Class News
Russell Sunshine '64 on Sri Lanka
Russell Sunshine '64 is the Project Manager for the United Nations Development Programme (UNDP) Invest-in-Peace Project, whose goal is to stimulate private investment in Sri Lanka. A consultant in international development with 35 years of professional experience in 30 countries, mostly in Asia, he renders policy advice to host governments and international organizations. His subject-matter expertise includes host-country management of foreign investment, know-how transfer, technical assistance, international public procurement, democratic transition, institutional development, and human-resource development.
He wrote the following piece for publication in the directory of our 40th reunion.
Two years into a ceasefire between the Sri Lankan Government and the
LTTE rebel army, we're steadily learning that successful peace-building
requires reculturation as much as reconstruction.
Sri Lanka's need for rehabilitation and upgrading of physical
infrastructure — roads and rails, sea and airports, power and telecomms
grids — is chronic and pressing. Ambitious repair programs are already
primed or launched, with generous funding by donor agencies.
But while less visible and quantifiable, other recovery constraints — what
we might label damage to "mental infrastructure" — are proving equally
pervasive. Polarized attitudes and harsh survival skills honed by 20 years
of civil war are now inhibiting Sri Lankan capacities to seize
post-conflict opportunities.
At the pinnacle of national politics, the two opposing parties and their
respective leaders, the Prime Minister and President, are bogged down in
acrimonious squabbles over short-term, partisan, even personal issues,
seemingly unable to find common interest in resuming suspended peace talks
with the LTTE. The upper echelons of Sri Lanka's once proudly non-partisan
civil service have been thoroughly politicized, skewing administrative
decisions, impeding procurement, and inviting corruption.

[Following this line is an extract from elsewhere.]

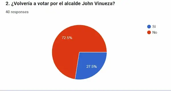 El 72,5% de los consultados señaló que no volvería a votar por el alcalde John Vinueza, frente a un 27,5% que sí lo haría.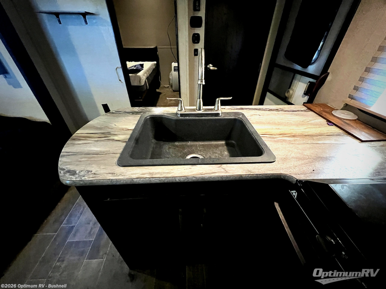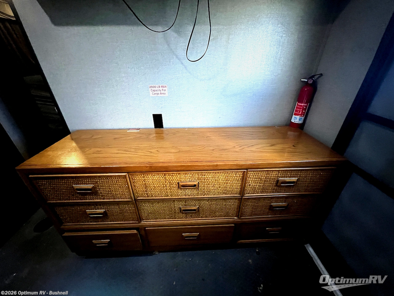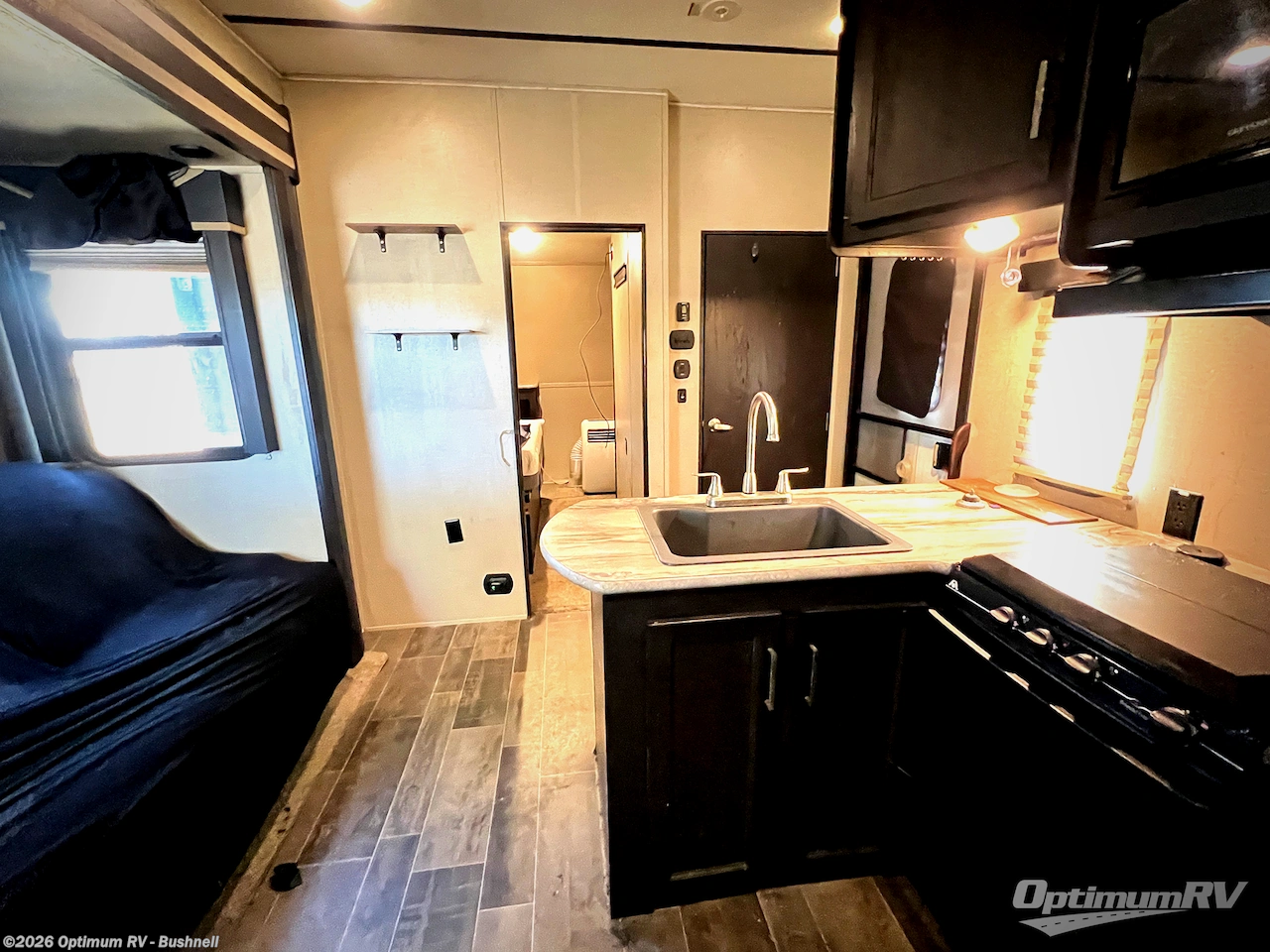 The front bedroom features a residential queen bed slide. Along the front of the room there is a dresser for added storage, a corner wardrobe, and much more!

The LTTE's successful guerrilla leadership seems unsure how to evolve from
military authoritarianism to civil governance. Having set peace
deliberations in motion by accepting the Government's bedrock principle of
a single sovereign state, the rebel warriors appear demonstrably less
confident about how to cooperate in pluralistic forums to achieve their
goal of substantial regional autonomy within that federal envelope.
Other players are equally ill-prepared to collaborate imaginatively on
national rebuilding. In Sri Lanka's private sector, wartime coping has
produced national business leaders who are risk-averse, subsidy-demanding,
protectionist custodians of the status quo, the antithesis of innovative
entrepreneurs. The mass media, while refreshingly outspoken, are glaringly
polarized. Sensationalistic reports of sporadic ceasefire violations sell
more papers than measured analyses of protracted peace negotiations.
Virtually all primary and secondary schools are now segregated by ethnic
community, religion, and language. So today's young people, unlike their
parents, have never learned to cohabit in classrooms and on cricket
pitches.
Focusing on the private-sector dimension of peace-building, our UNDP
Invest-in-Peace Project works to integrate and vitalize Sri Lankan
business communities: sponsoring regular meetings among regional Chambers
of Commerce from both sides of the post-conflict line; bringing local
business leaders into candid dialogue with Colombo-based policy makers and
shapers; boosting those leaders' confidence and competence through
workshops in presentation and lobbying skills; organizing an Osaka Forum
where regional Sri Lankan business leaders can confer face-to-face with
Japanese counterparts on trade and investment opportunities.
Changing attitudes through changing behavior will be a long slog. But
cross-cultural cooperation and private-sector pragmatism can be powerful
engines to help pull Sri Lanka out of its polarized, dispirited swamp.